- Значит, в прокуратуру вы так и не попали?
- Нет. Я...
Дверь в кабинет открылась, вошла улыбающаяся Елена Ивановна, пропела:
- Михаил Сергеевич, вас к телефону.
Завьялов удивленно посмотрел на телефонный аппарат: звонка не было.
Не менее удивленно глянул на Елену Ивановну врач.
- К внутреннему телефону, - уточнила старшая сестра.
Видимо, уловив какие-то знаки, врач поднялся из-за стола.

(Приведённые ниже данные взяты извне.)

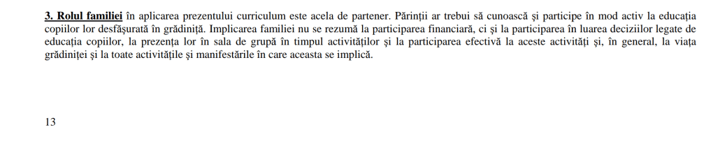 Zilele acestea, din nu știu exact care motive, am deschis din nou Curriculum-ul pentru învățământul preșcolar. Am mai făcut asta acum vreun an și am simțit cum mi se întoarce stomacul pe dos de furie și frustrare. Nu l-am dus la capăt. N-am putut să citesc peste 100 de pagini doar că să am motive să fiu tristă. Pentru că, pe hârtie, acest curriculum pare și el desprins din povești cu zâne. Azi mi-a atras atenția pasajul de mai jos. Mă gândesc cu tristețe la cât de mare e diferența între ce scrie aici și felul cum consideră atât de mulți educatori – și din privat, nu doar din grădinițele de stat – că părinții perturbă buna desfășurare a cursurilor și că nu se pot înțelege cu copiii în prezența părintelui, motiv pentru care acesta din urmă trebuie să dispară cât mai repede din peisaj. Că există cu adevărat și părinți care fac asta, nu contest. Dar cu toți cei care sunt ok ce se întâmplă?

Завьялов остался один. Внутренний телефон? А может быть, параллельный? Не выдержав, он снял трубку. И услышал голос Германа. Слов разобрать не мог, Горанин говорил тихо. Но голос узнал. Характерные интонации, еле ощутимую вибрацию, вибрацию силы, непоколебимой уверенности в себе. Поняв, что сути разговора не уловить, он аккуратно положил трубку на рычаг.

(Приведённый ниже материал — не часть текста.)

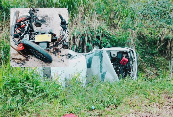 விபத்துக்குள்ளான குறித்த கார் பள்ளத்தில் கவிழ்ந்ததுடன், மோட்டார் சைக்கிள் தீப்பற்றியதாகவும் குறிப்பிடப்படுகின்றது.

Вскоре в кабинете появился перепуганный Михаил Сергеевич. За ним шла старшая. Вид у нее был угрожающий.
- Видите ли, я... не совсем здоров, - промямлил врач. - Я наговорил вам лишнего. Точнее, совсем не то хотел сказать. Насчет ломика. Не было никакого ломик£ Ну, разумеется, не было!
- Как это не было? Вы же сами пять минут назад сказали, что сначала испугались, потом подумали на Федора...

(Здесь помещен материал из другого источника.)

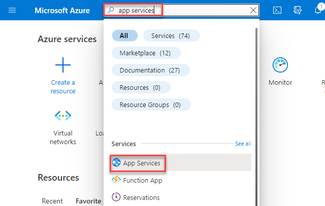 Az App Services lapon válassza a Létrehozás lehetőséget.

- Это была швабра. На полу валялась швабра. Никакой не ломик. У меня со зрением... что-то...
- Михаил Сергеевич не обязан отвечать на ваши вопросы, - отчеканила старшая. - Вы никем не уполномочены. Покиньте кабинет.
- Раньше вы со мной любезнее разговаривали, - усмехнулся Завьялов.
- Покиньте кабинет.
- Да-да, - засуетился Михаил Сергеевич. - Я, действительно, был э-э-э... с похмелья. Мало ли что почудится! И зрение...
- А почему очки не носите? -Я...
- Вон! — выпалила Елена Ивановна. Завьялов чуть не расхохотался. А в женщинах больше решительности и здравого смысла! Этот мямлит, заикается, а старшая уже давно все поняла. Чем же им пригрозил Горанин? И как узнал, что он тут, со своим коварным вопросом об орудии убийства? Ба! Да Елена Ивановна сама позвонила Горанину! И Герман Георгиевич пригласил к аппарату врача. Сделал выговор, приказал - лишнего не болтай. Ломик же улетел в открытое окно. Потому что не от вида крови Германа замутило. Нет. От страха. Потом Горанин нашел повод выйти из здания. Пока опергруппа работала в кабинете старшей сестры, он преспокойно подобрал ломик и отнес... Куда? Через дорогу - несколько недостроенных гаражей. Стоят так уже второй год. Хозяева либо разорились, либо сели, а покупателей все никак не найдут. Герману ничего не стоило перейти через дорогу и спрятать ломик в одном из гаражей. Чем он рисковал? Да ничем! Все были в здании больницы. Утро, сумерки. Дождь...
- Вы, наконец, выйдете или нет?!
- Вот так со мной и надо разговаривать. Четко, громко. Теперь я услышал.
- Да вы-ы-ы...- взвилась старшая.
- Лена, не надо, - тронул ее за руку Михаил Сергеевич.
- Как мне это надоело! Сначала его жена, теперь он! Да когда я, в конце концов, смогу жить спокойно?! Когда-а?!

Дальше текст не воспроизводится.